------ PROVIDED RECORDS ------

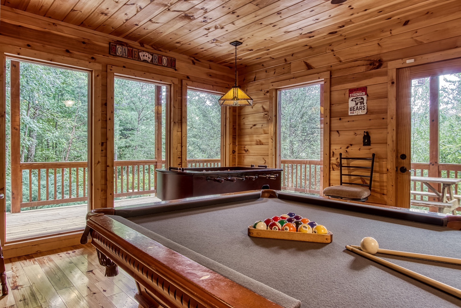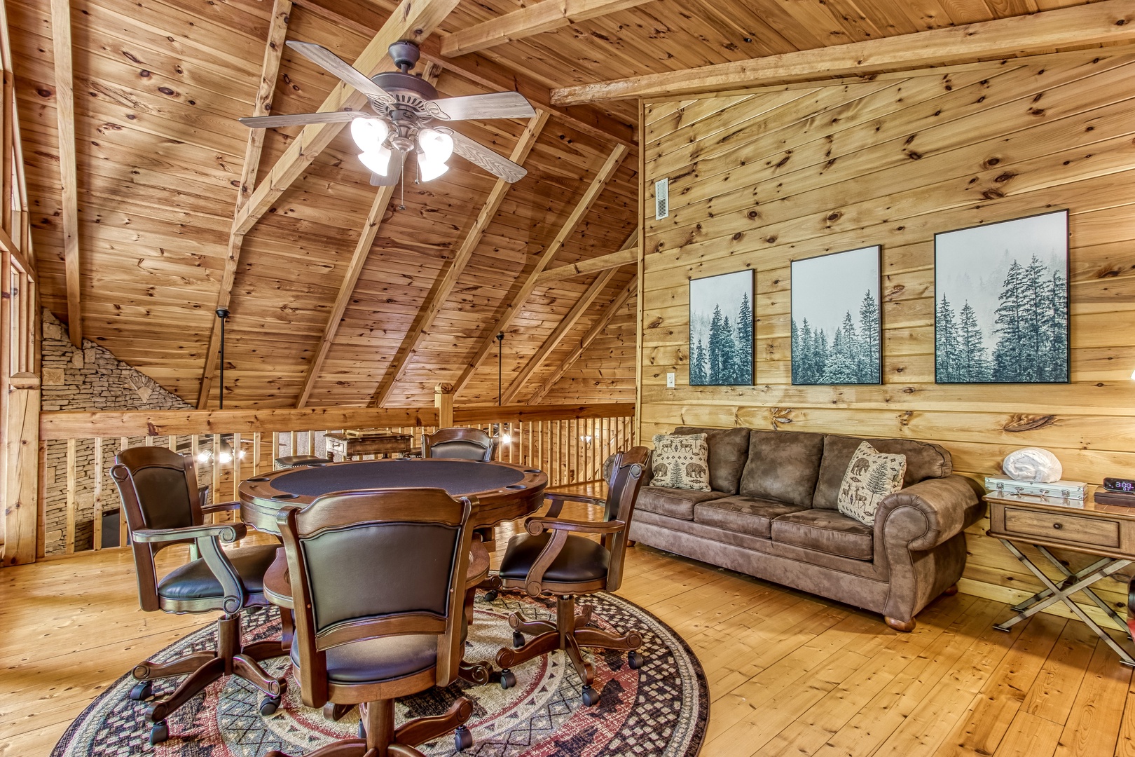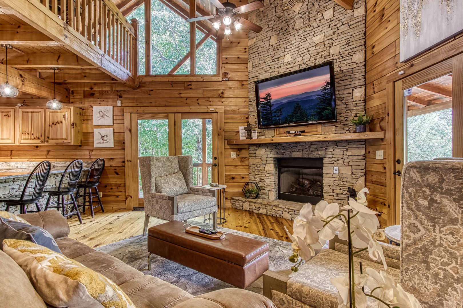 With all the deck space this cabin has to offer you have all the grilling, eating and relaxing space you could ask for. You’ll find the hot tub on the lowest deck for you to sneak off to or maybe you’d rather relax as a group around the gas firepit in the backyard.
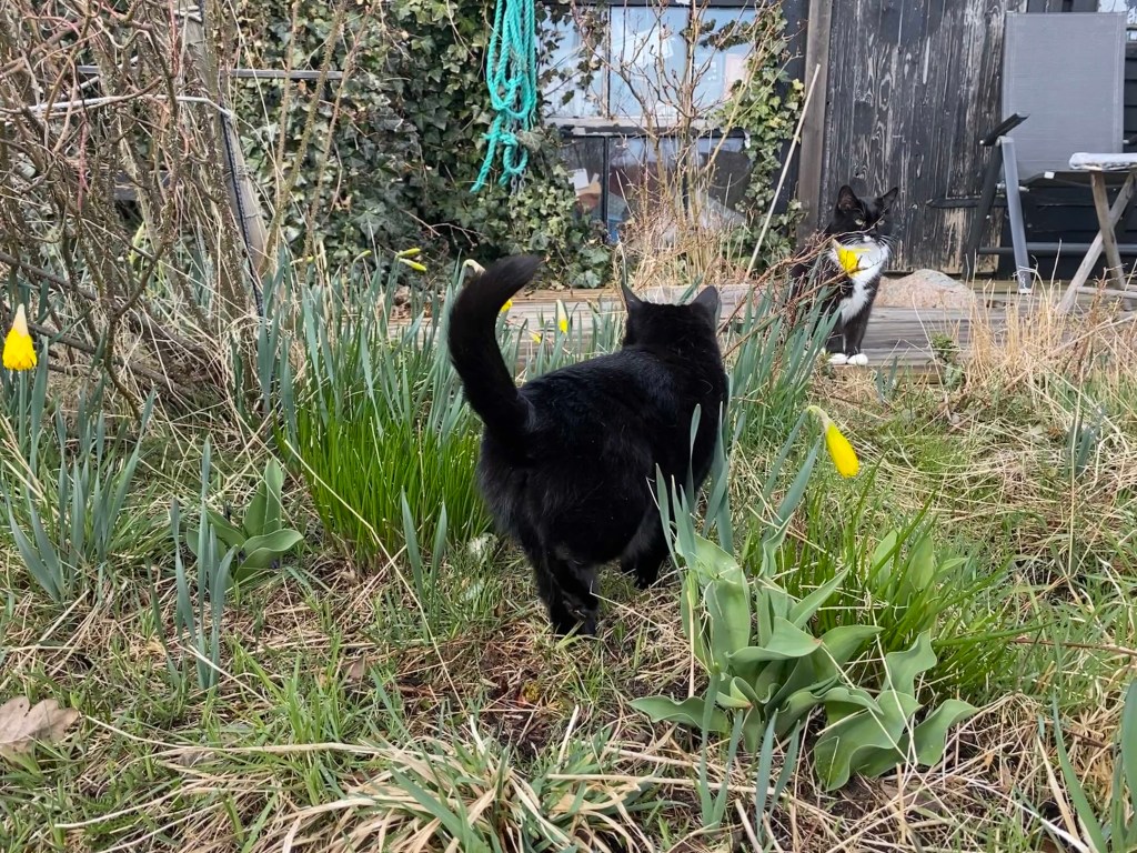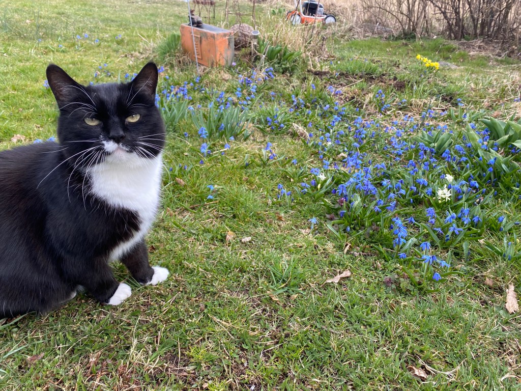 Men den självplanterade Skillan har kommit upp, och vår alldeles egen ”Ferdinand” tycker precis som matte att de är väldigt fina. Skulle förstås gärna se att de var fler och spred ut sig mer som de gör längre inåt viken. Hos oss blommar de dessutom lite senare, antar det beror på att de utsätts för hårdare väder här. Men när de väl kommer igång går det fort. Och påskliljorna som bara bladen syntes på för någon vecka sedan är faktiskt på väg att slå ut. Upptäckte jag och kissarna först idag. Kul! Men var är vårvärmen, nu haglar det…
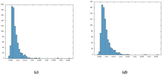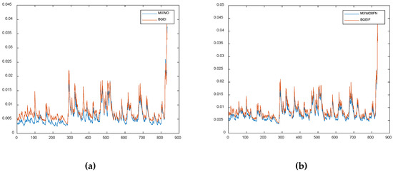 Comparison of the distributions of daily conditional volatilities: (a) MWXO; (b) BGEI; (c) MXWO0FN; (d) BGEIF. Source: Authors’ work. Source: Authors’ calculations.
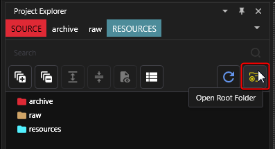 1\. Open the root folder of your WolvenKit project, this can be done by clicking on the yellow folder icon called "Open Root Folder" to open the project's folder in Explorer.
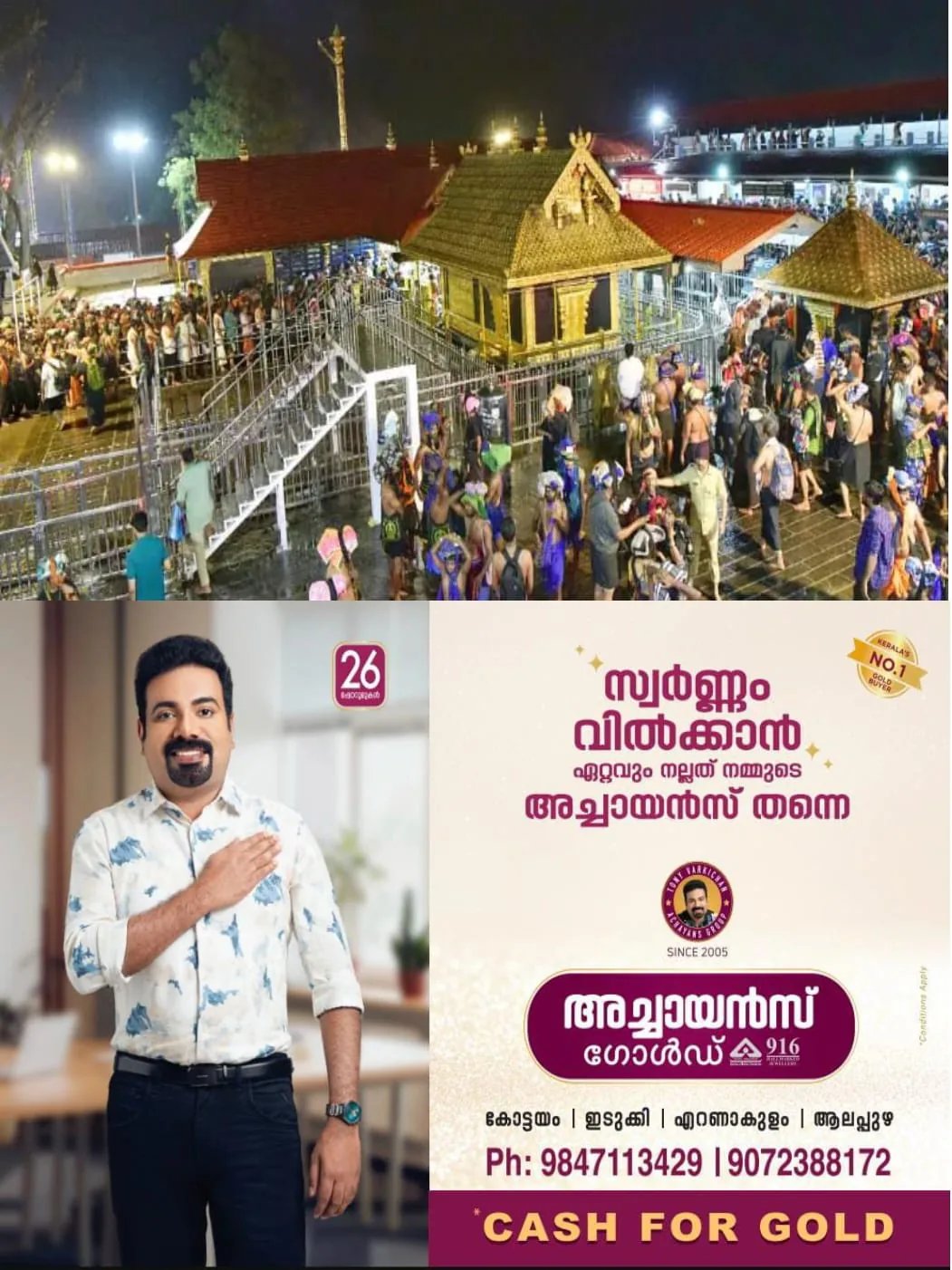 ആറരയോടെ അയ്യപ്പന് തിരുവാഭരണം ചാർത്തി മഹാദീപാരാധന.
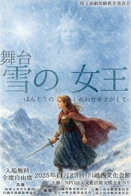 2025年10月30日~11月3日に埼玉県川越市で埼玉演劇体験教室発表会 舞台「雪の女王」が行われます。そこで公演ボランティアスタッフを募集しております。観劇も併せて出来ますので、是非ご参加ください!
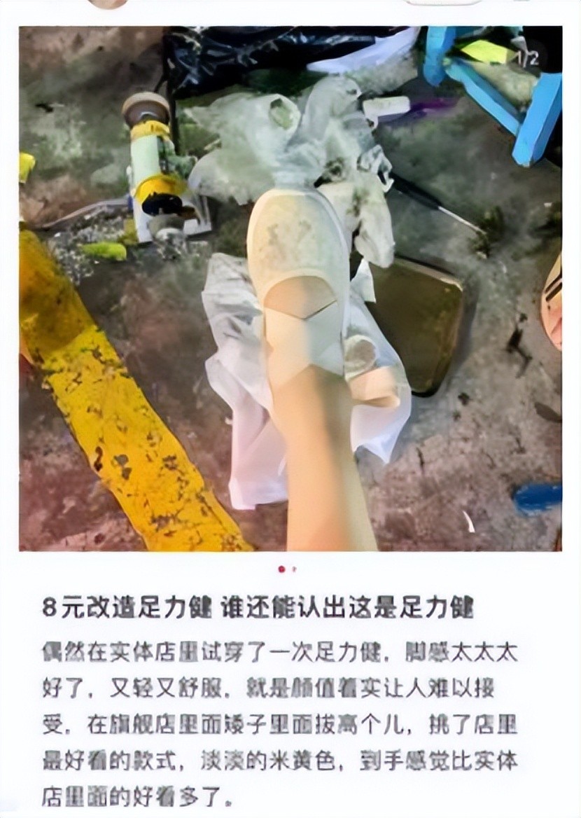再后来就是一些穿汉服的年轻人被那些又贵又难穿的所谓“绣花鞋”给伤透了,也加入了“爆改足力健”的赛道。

------

TRY IT =>
Please output every line of the listing as it stands, and omit its images.

RESPONSE BOX =>
 With all the deck space this cabin has to offer you have all the grilling, eating and relaxing space you could ask for. You’ll find the hot tub on the lowest deck for you to sneak off to or maybe you’d rather relax as a group around the gas firepit in the backyard.
 Men den självplanterade Skillan har kommit upp, och vår alldeles egen ”Ferdinand” tycker precis som matte att de är väldigt fina. Skulle förstås gärna se att de var fler och spred ut sig mer som de gör längre inåt viken. Hos oss blommar de dessutom lite senare, antar det beror på att de utsätts för hårdare väder här. Men när de väl kommer igång går det fort. Och påskliljorna som bara bladen syntes på för någon vecka sedan är faktiskt på väg att slå ut. Upptäckte jag och kissarna först idag. Kul! Men var är vårvärmen, nu haglar det…
 Comparison of the distributions of daily conditional volatilities: (a) MWXO; (b) BGEI; (c) MXWO0FN; (d) BGEIF. Source: Authors’ work. Source: Authors’ calculations.
 1\. Open the root folder of your WolvenKit project, this can be done by clicking on the yellow folder icon called "Open Root Folder" to open the project's folder in Explorer.
 ആറരയോടെ അയ്യപ്പന് തിരുവാഭരണം ചാർത്തി മഹാദീപാരാധന.
 2025年10月30日~11月3日に埼玉県川越市で埼玉演劇体験教室発表会 舞台「雪の女王」が行われます。そこで公演ボランティアスタッフを募集しております。観劇も併せて出来ますので、是非ご参加ください!
再后来就是一些穿汉服的年轻人被那些又贵又难穿的所谓“绣花鞋”给伤透了,也加入了“爆改足力健”的赛道。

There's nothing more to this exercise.